=== Section Start ===

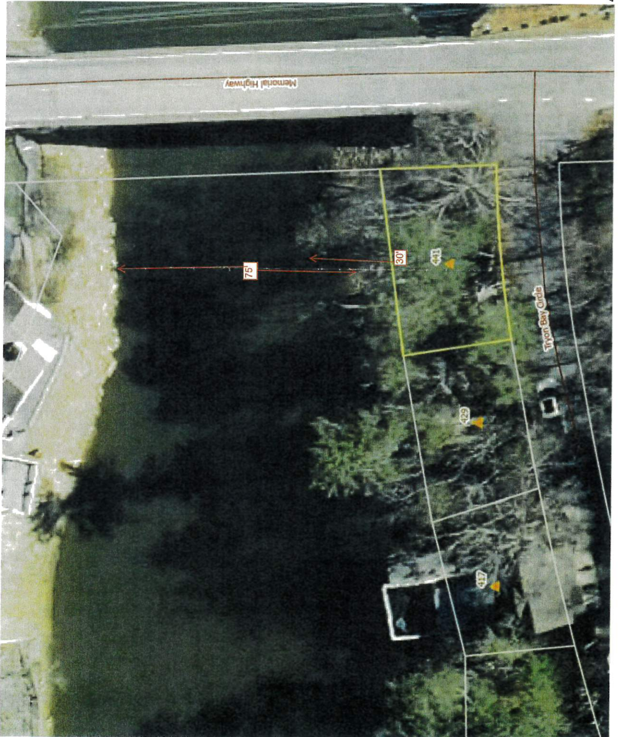
429 & 441 Tryon Bay Circle
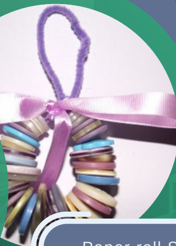
Paper roll Snowman

Make a large, loose loop on one end of the pipe cleaner so that the buttons don't fall off while you are working. Thread the pipe cleaner in and out through each button, spacing the buttons as you go. Bend into a circle, then twist the top of the circle together to secure the buttons in place. Tie a ribbon or bow around the top on the wreath.
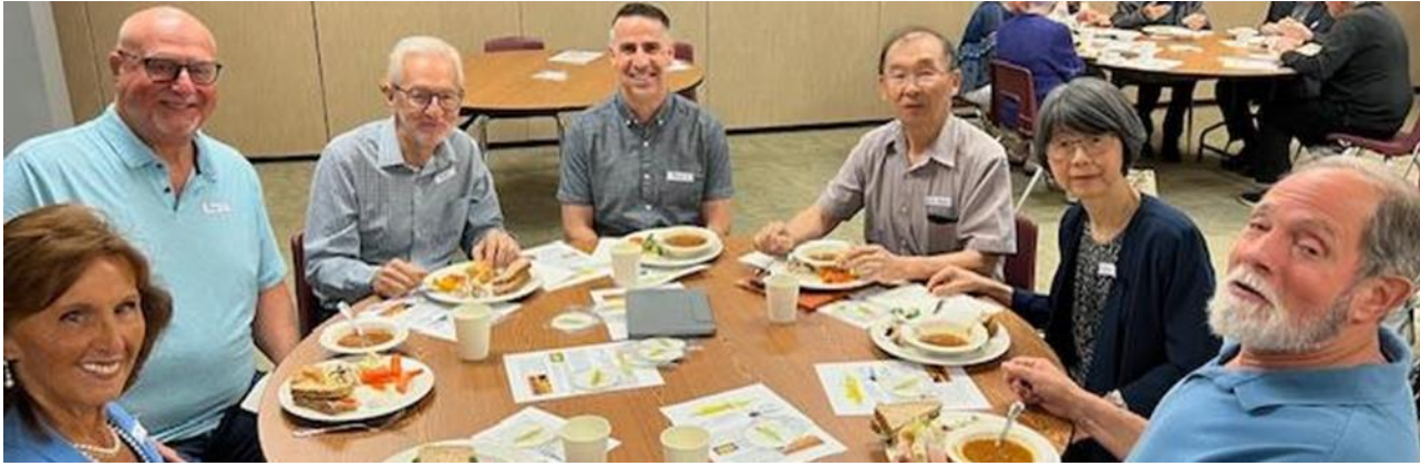
Okanagan Valley luncheon at Mission Creek Alliance Church in Kelowna

=== Section End ===

What to do: When you restate the listing, keep every word as it is and drop the pictures.

Exercise result:
429 & 441 Tryon Bay Circle
Paper roll Snowman

Make a large, loose loop on one end of the pipe cleaner so that the buttons don't fall off while you are working. Thread the pipe cleaner in and out through each button, spacing the buttons as you go. Bend into a circle, then twist the top of the circle together to secure the buttons in place. Tie a ribbon or bow around the top on the wreath.
Okanagan Valley luncheon at Mission Creek Alliance Church in Kelowna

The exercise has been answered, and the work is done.